An MLP with at least one hidden layer and a sufficient number of neurons is a universal function approximator, as proven by the universal approximation theorem. This means that it can, in theory, learn any continuous function to an arbitrary level of accuracy, given enough neurons and data.

### Non-linear Activation Functions

Non-linear activation functions are crucial in MLPs (and neural networks), as they allow the network to capture complex patterns and interactions in the data. Without non-linearity, a neural network, regardless of how many layers it had, would still behave like a single-layer perceptron, only capable of modeling linear separations.

A few common non-linear activation functions include:

![sigmoid_tanh](../assets/sigmoid_tanh.jpeg)

1. **Sigmoid Function**:
   $$ \sigma(x) = \frac{1}{1 + e^{-x}} $$
   The sigmoid function squashes the input values to be between 0 and 1, which can be interpreted as probabilities. It is often used for the output layer in binary classification problems.

2. **Hyperbolic Tangent Function (tanh)**:
   $$ \tanh(x) = \frac{e^{x} - e^{-x}}{e^{x} + e^{-x}} $$
   The tanh function outputs values between -1 and 1. It is zero-centered, which generally helps with the convergence during training.

3. **Rectified Linear Unit (ReLU)**:
   $$ \text{ReLU}(x) = \max(0, x) $$
   The ReLU function outputs the input directly if it is positive, otherwise, it outputs zero. It has become the default activation function for many types of neural networks because it helps with faster training and reduces the likelihood of vanishing gradients.

![relu](../assets/relu.png)

### Backpropagation Training

Backpropagation is the algorithm used for training neural networks, including MLPs. It consists of two main phases: the forward pass and the backward pass.

1. **Forward Pass (Feed-Forward)**:
   During the forward pass, the input data is passed through the network layer by layer until the output layer is reached. The output is then used to compute the loss function, which measures the difference between the network's prediction and the actual target values. A common choice for the loss function in classification tasks is the cross-entropy loss.

![ff](../assets/feedforward.png)

<br>

2. **Backward Pass (Backpropagation)**:

![bp](../assets/backprop.png)

   In the backward pass, gradients of the loss function with respect to the network's weights are computed using the chain rule of calculus, in a process known as *gradient descent*.

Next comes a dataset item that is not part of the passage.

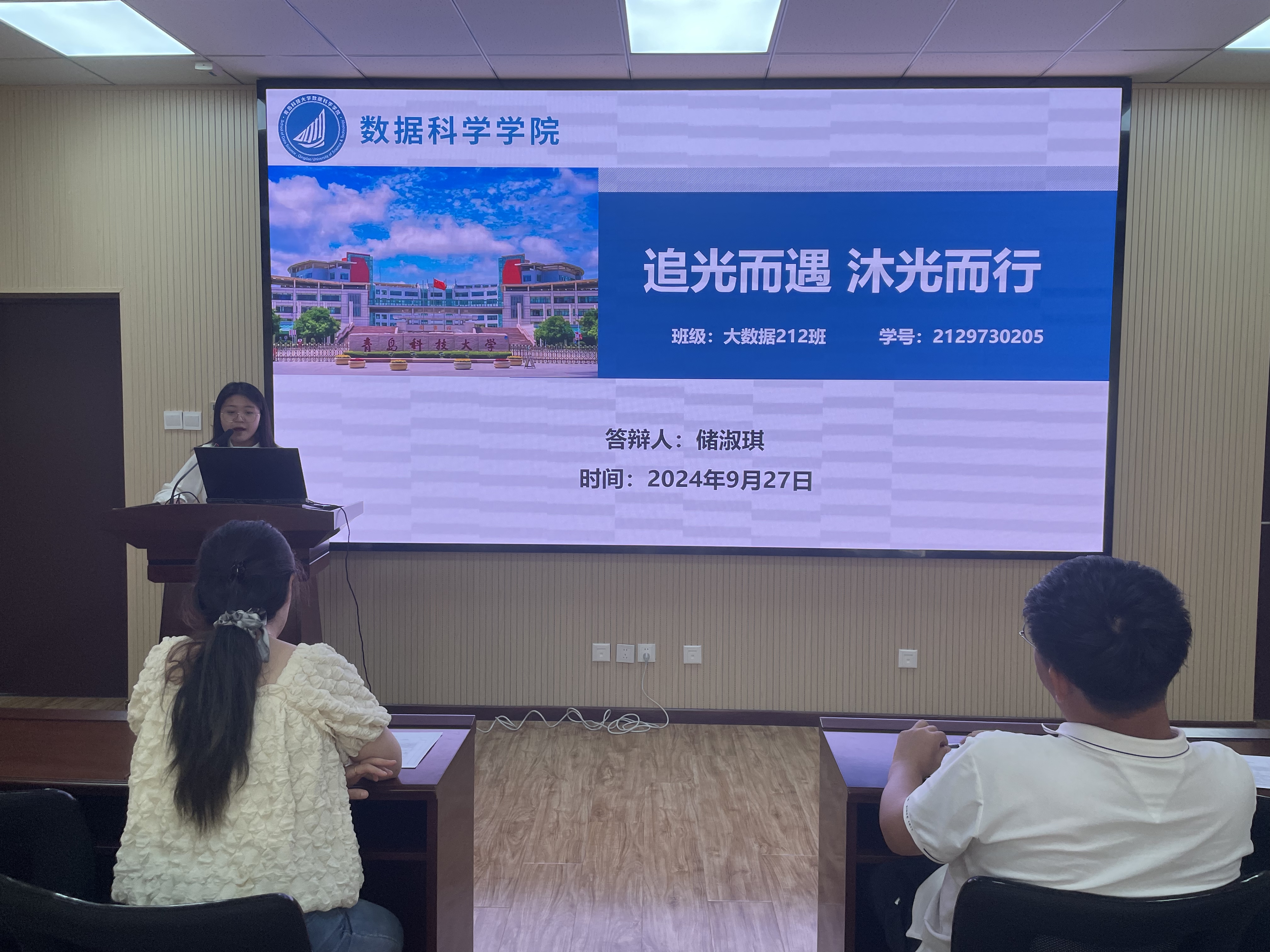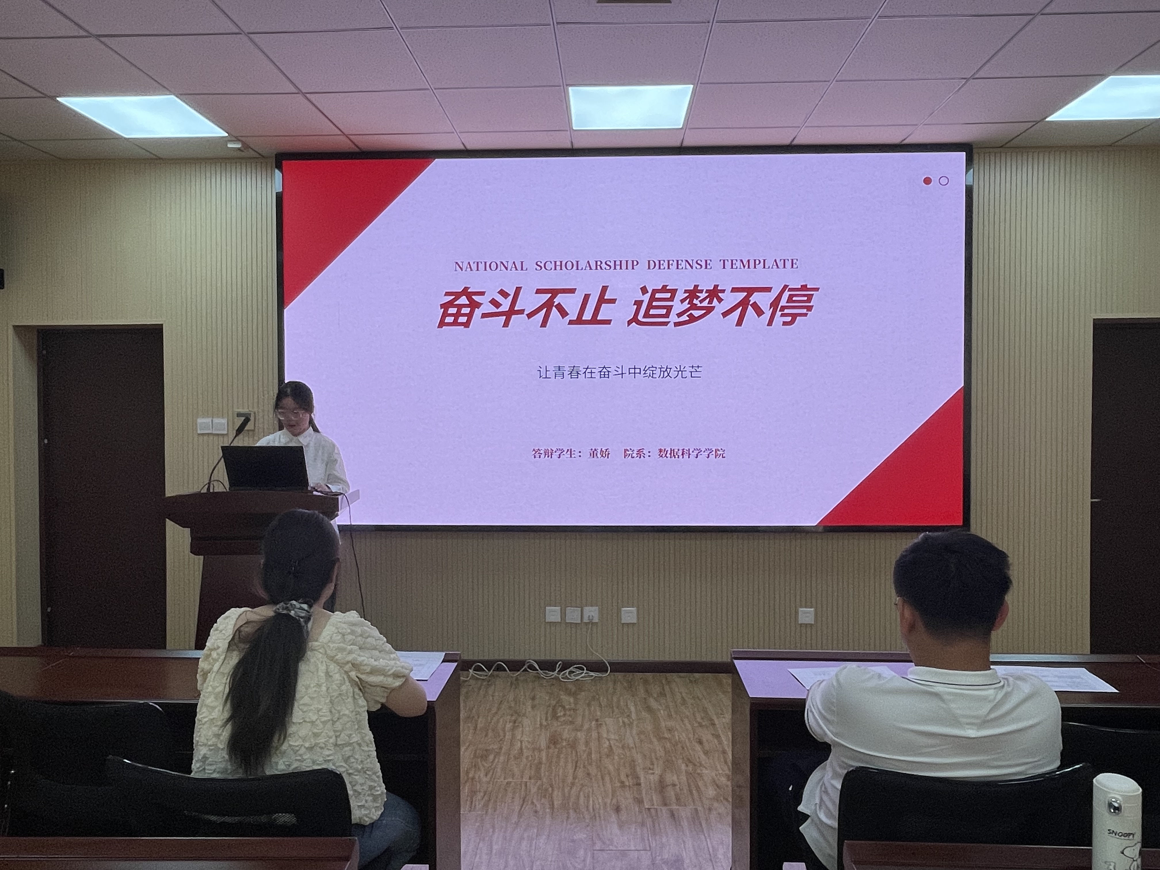 在紧张而有序的答辩阶段,五位候选人轮流登台,他们通过PPT展示,围绕个人特色与优势,详尽阐述了在思想觉悟、学术探索、社会实践以及志愿服务等多个维度上的成长轨迹与丰硕成果。从思想的深度到学术的广度,从实践的磨砺到奉献的热情,每位同学都以其独特的视角和生动的案例,全面而深刻地展现了bv伟德优秀学子的卓越风采与综合素质。

Backpropagation allows neural networks to learn from their mistakes, adjusting the weights to improve performance on the training data. With the right adjustments over many iterations, the network can converge to a state where it makes accurate predictions on unseen data.

### Gradient Descent

Gradient descent is an optimization algorithm used to minimize a function by iteratively moving in the direction of steepest descent, as defined by the negative of the gradient. In the context of neural networks, gradient descent is used during backpropagation to update the weights and biases in order to minimize the loss function.

![loss_functions](../assets/loss_functions.png)

Let's consider a neural network with a loss function $ \mathcal{L} $. The goal of training is to find the set of weights $ \mathbf{W} $ and biases $ \mathbf{b} $ that minimize $ \mathcal{L} $. The gradient descent update rule for each weight $ W_{ij}^{(l)} $ in layer $ l $ is given by:

$$ W_{ij}^{(l)} := W_{ij}^{(l)} - \eta \frac{\partial \mathcal{L}}{\partial W_{ij}^{(l)}} $$

Similarly, the update rule for each bias $ b_i^{(l)} $ is:

$$ b_i^{(l)} := b_i^{(l)} - \eta \frac{\partial \mathcal{L}}{\partial b_i^{(l)}} $$

![learning_rate](../assets/learning_rate.png)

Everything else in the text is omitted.